Although patients do not experience any pain during the delivery of radiation therapy, effects of radiation do gradually build up as treatment continues. The vast majority of patients do not experience any side effects, although fatigue is common.

Should side effects or other complications occur, they are typically infrequent and are usually limited to the treatment area. In addition, the chance of encountering side effects depends upon various other factors such as age or other health conditions. During the same type of treatment, one patient may experience side effects while another may not. Any side effects should be brought to the attention of your nurses, therapists and radiation oncologists immediately because there are almost always ways to effectively treat the condition. Once radiation is completed, most side effects disappear.

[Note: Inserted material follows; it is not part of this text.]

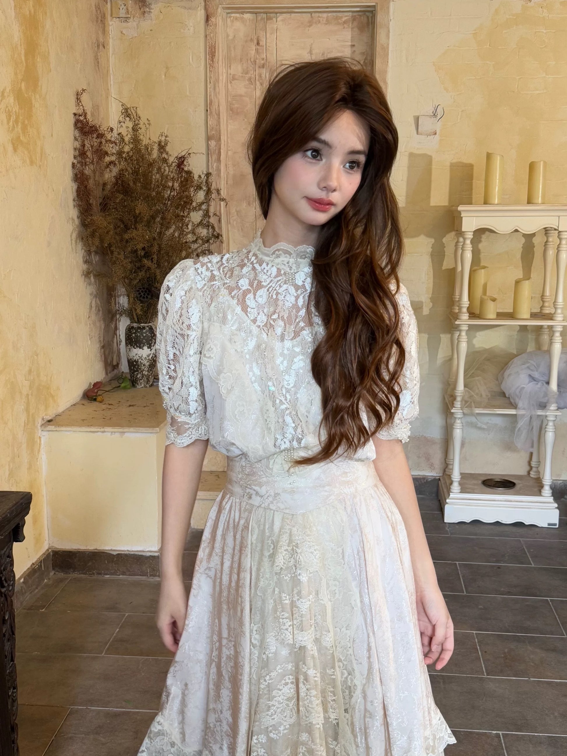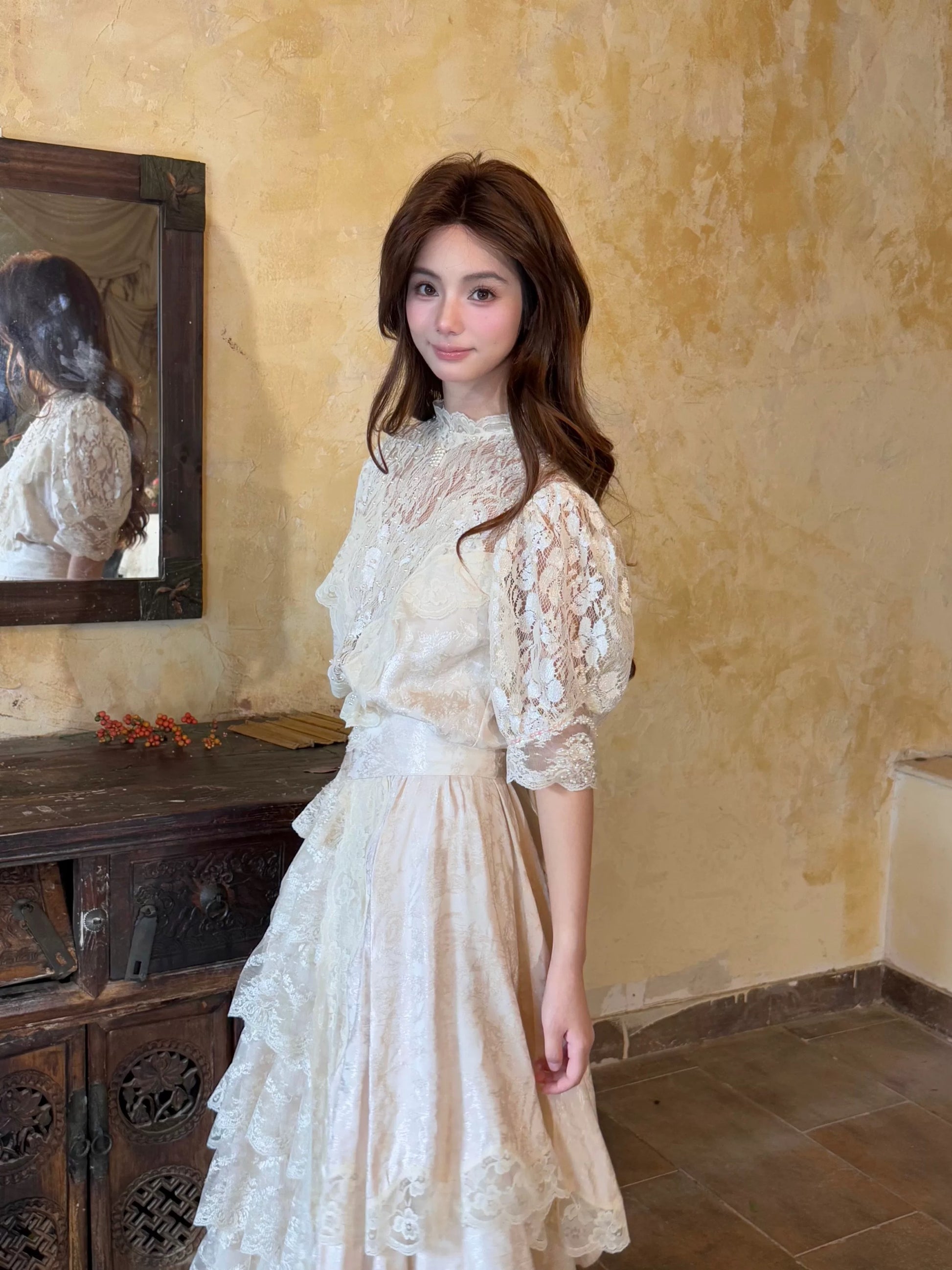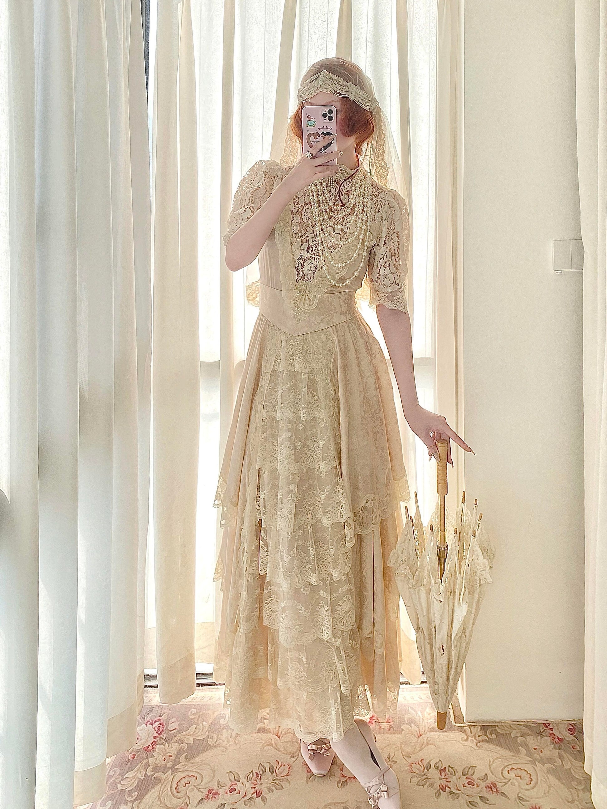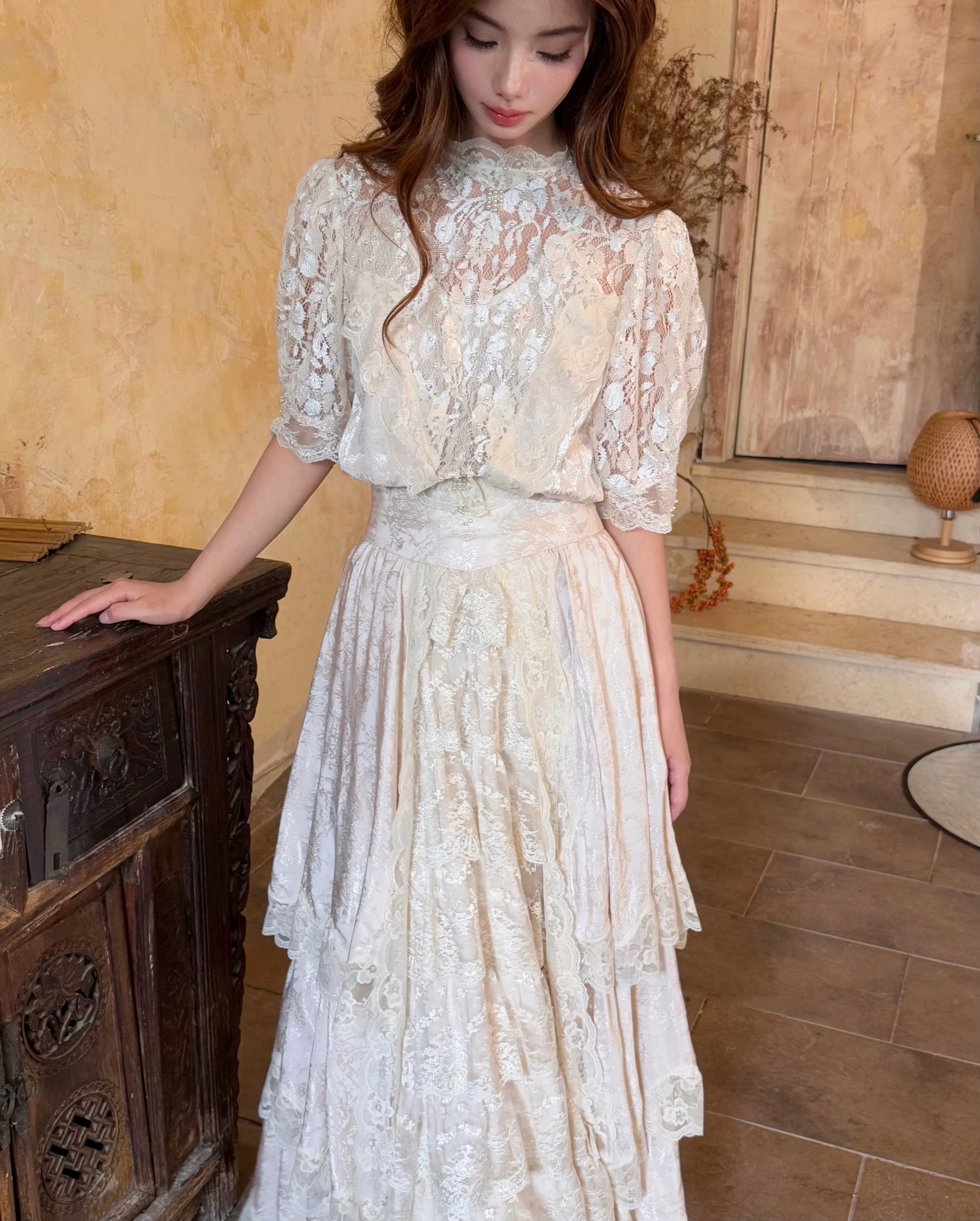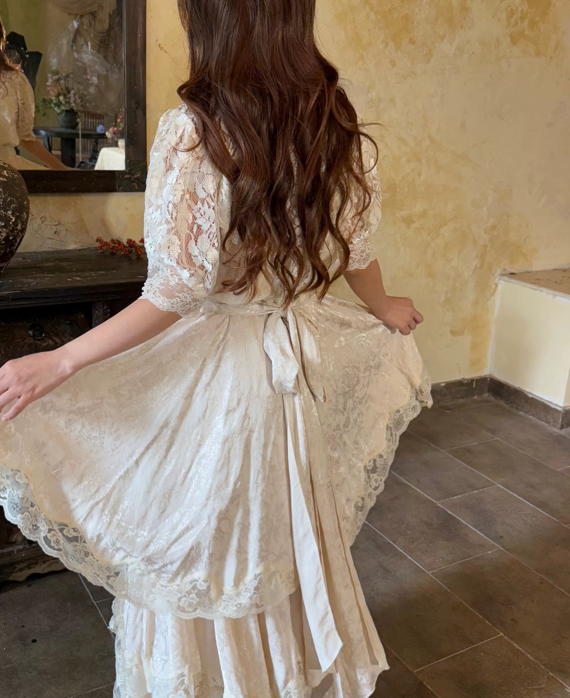 🌸 The hem is layered with multiple tiers of lace, giving it a graceful drape and a soft, comfortable flow. A matching belt is included to style the dress in different ways.

The most common side effects are skin reaction and fatigue. In addition, patients with head and neck cancer may also experience soreness of the throat and mouth, dry mouth and a changed sense of taste or smell.

SKIN REACTION

Sometimes the area of the body being treated reacts to radiation therapy. The reaction ranges from mild redness and dryness, like a sunburn, to severe peeling or desquamation. Any reaction typically ends once treatment is complete although the area of skin may be slightly darker than before treatment and more sensitive to sunlight.

Any skin discomfort should be reported to your treatment team at once. There are topical medications that can be prescribed to counteract the skin irritation.

FATIGUE

One of the most common side effects of radiation therapy is fatigue. Patients experiencing fatigue will be tired, weary, weak or without energy. Although radiation does not require an alteration in normal daily activity, care should be given to plan for periods of rest. The fatigue disappears for most patients several weeks after treatment ends.

LESS COMMON SIDE EFFECTS

Hair Loss
Temporary loss of hair sometimes occurs at the site of treatment only. Regrowth of hair usually starts 6 to 8 weeks after therapy is complete.

Nausea/Vomiting
Nausea and vomiting may occur, especially when radiation is delivered to the abdominal area. Notify your nurse or physician if this occurs. Medication may be prescribed if the condition persists.

Diarrhea
Diarrhea also sometimes occurs when the abdominal area is being treated. Inform your treatment team if you experience diarrhea. They may recommend a change in diet or prescribe medicine to help.

Loss of Appetite
Loss of appetite is one of the most common reactions to any cancer treatment. Other side effects such as stomach discomfort can lead to a lack of desire to eat properly; however, it is important to maintain a healthy diet during treatment.